Flooded the engine this morning, I think. But he's never done it before. He's been so tolerant and kind to me...and then Angel's driving him to work and we stop by the Ford dealership to drop off the Taurus (which, by the way, has been fixed now), and he just flat-out refuses to start until it's almost late enough to make me ate for school. But not quite that late. Like I said, he just wanted to make sure I was good and worried about the whole fucking thing.
My car is not only gay, he's a flaming diva.

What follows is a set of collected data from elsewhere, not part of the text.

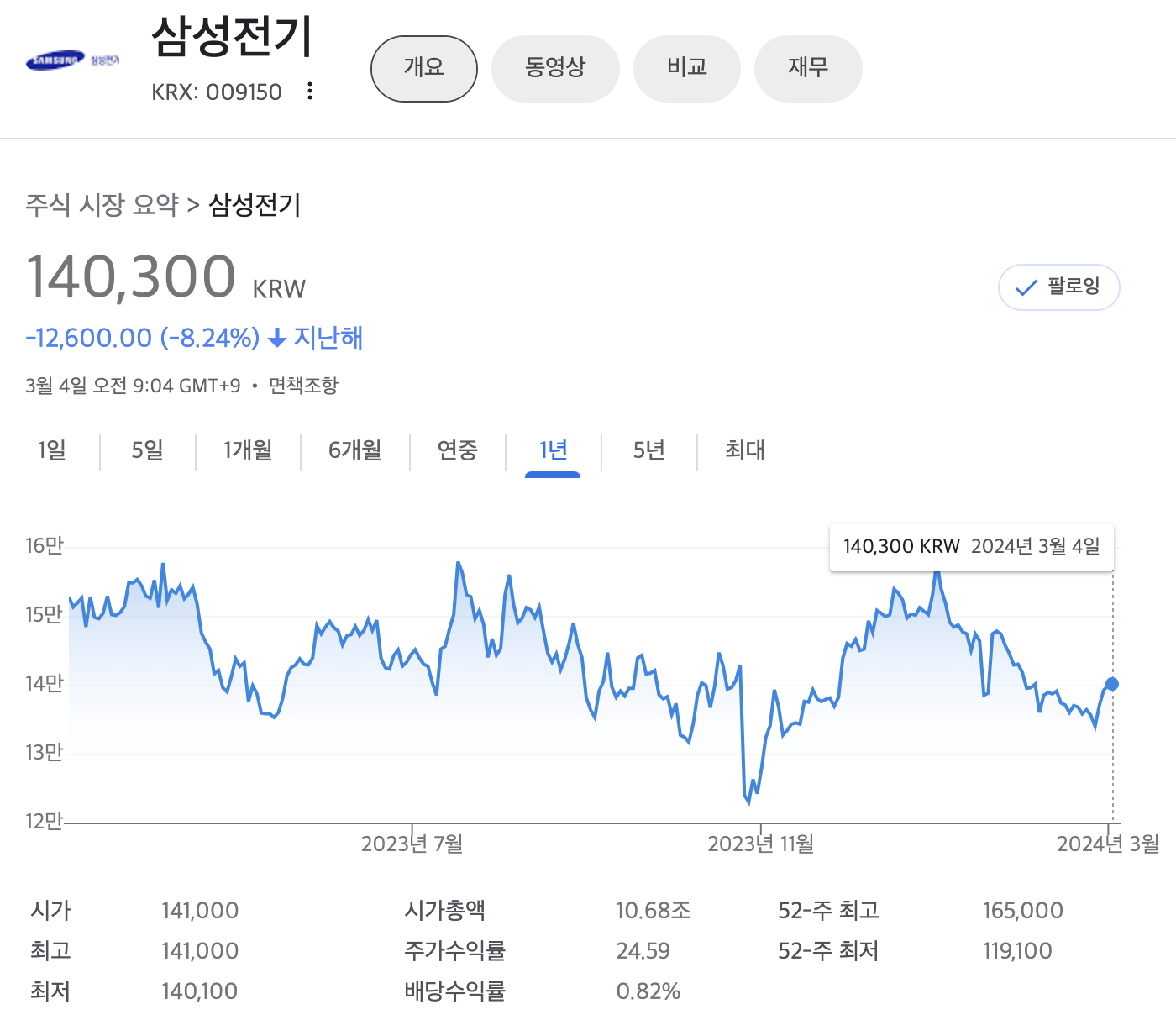 삼성전기 주가는 지난해 1년 대비 -8.24% 하락해 있는 상태입니다.
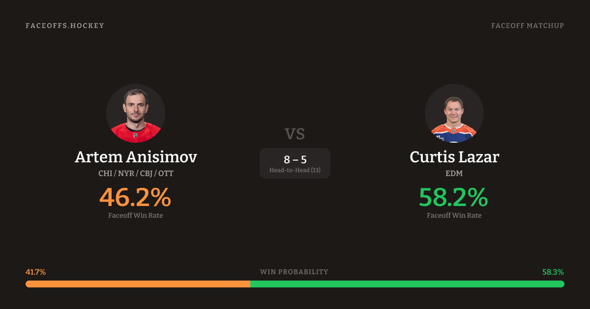 Artem Anisimov vs Curtis Lazar — Faceoff Head-to-Head
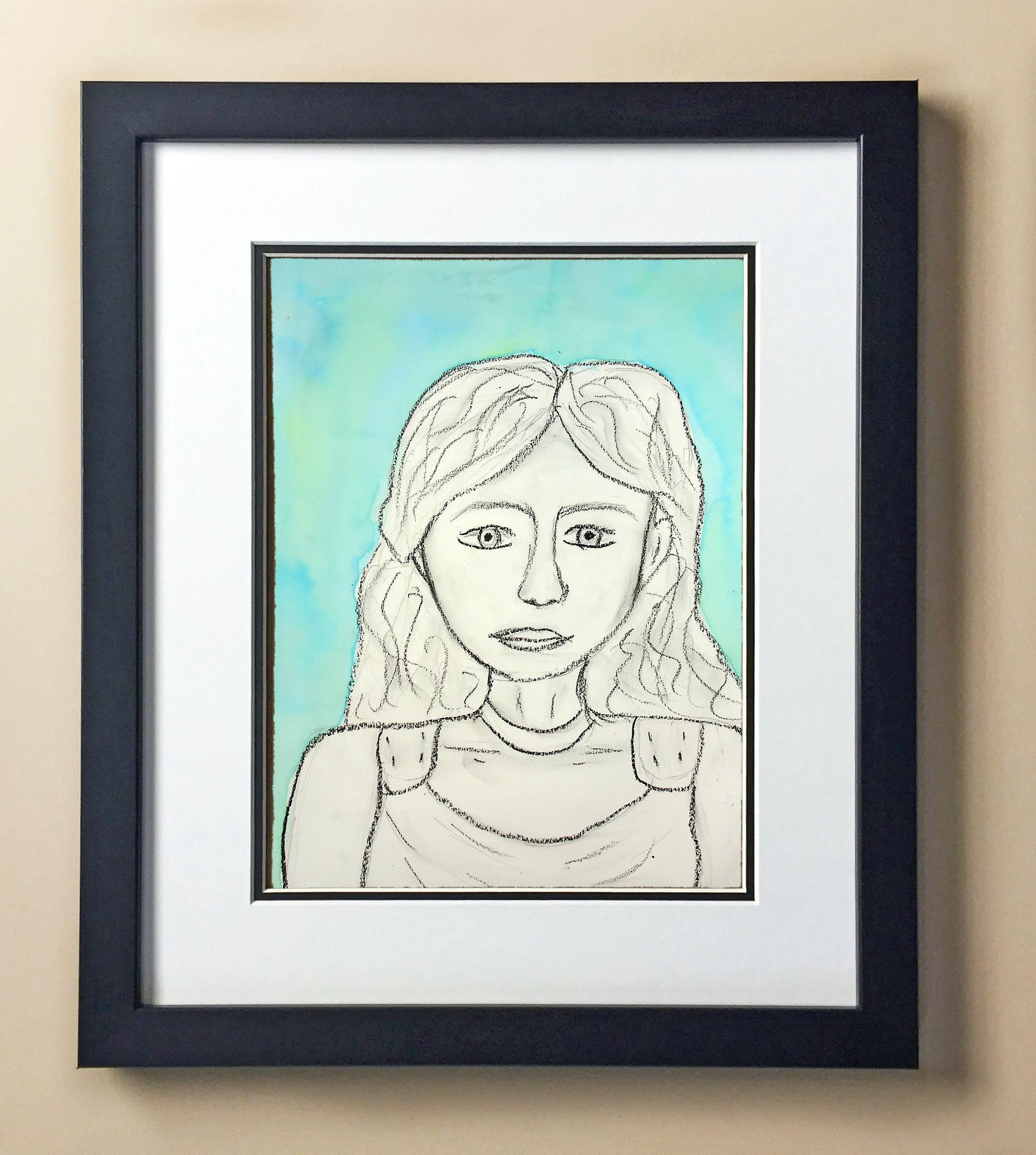 Included with the purchase is the Students Artwork, Frame, double matboard, shatter proof plexiglass, and a ready to hang backerboard with turnbuttons
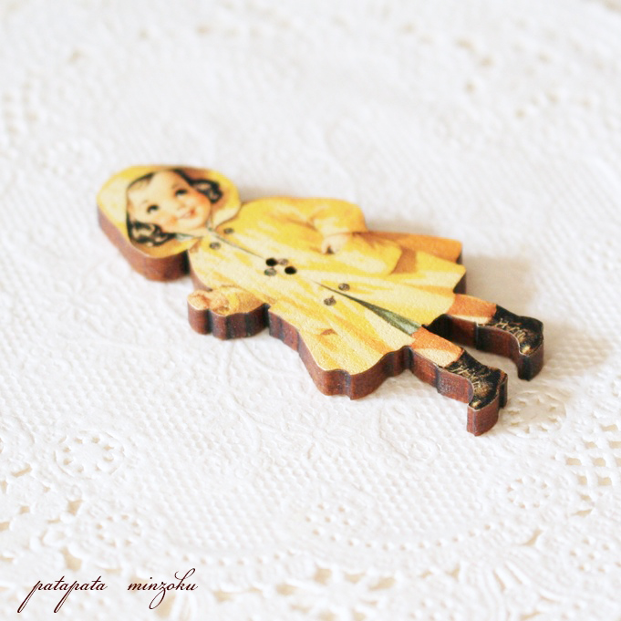 黄色のレインコートの女の子 フランス 製 木製ボタン アトリエ ボヌール ドゥ ジュール 女の子
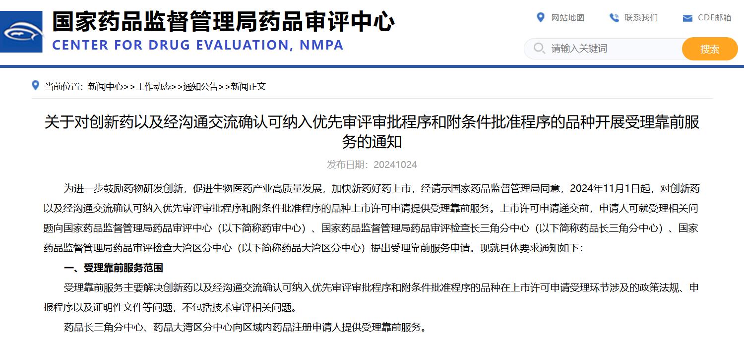 關(guān)于對創(chuàng)新藥以及經(jīng)溝通交流確認可納入優(yōu)先審評審批程序和附條件批準程序的品種開展受理靠前服務(wù)的通知

In good news, the following:
From: Stewart, Carol S To: Boersma, Nicole S Sent: Monday, 13 January, 2003 13:04 Subject: RE: Family Practice and Peds third-year clerkships Nicole, all you have to do is choose Ft Wayne as your Peds outpatient preference when you complete your preference forms. You have to do your inpatient Peds in Indianapolis. It is usually not a problem to schedule your Peds outpatient in Ft Wayne. (I can't speak for Family Practice, but it's not a problem for us.) It also doesn't hurt to send me an email reminder about 4-6 weeks before you would begin your Peds clerkship, just as an added assurance.What that means, boys and girls, is that I get my Outpatient Peds right here in Fort Wayne, almost guaranteed. All but signed and sealed. One month of three down, two to go. I'm waiting to hear back from the Family Practise people, and Carolyn emailed me to tell me all I had to do was let her know what elective I wanted to do here. Emergency Medicine, I think, or maybe an extra month of FP...now that might be intriguing. I'll have to look at the options. And now to bed.
Bang.
So I have to post this morning's Livejournal tomorrow, when I get back to the school computers, where I saved it before I went to lab, and then Jim took me home, so I didn't get back to it before we left.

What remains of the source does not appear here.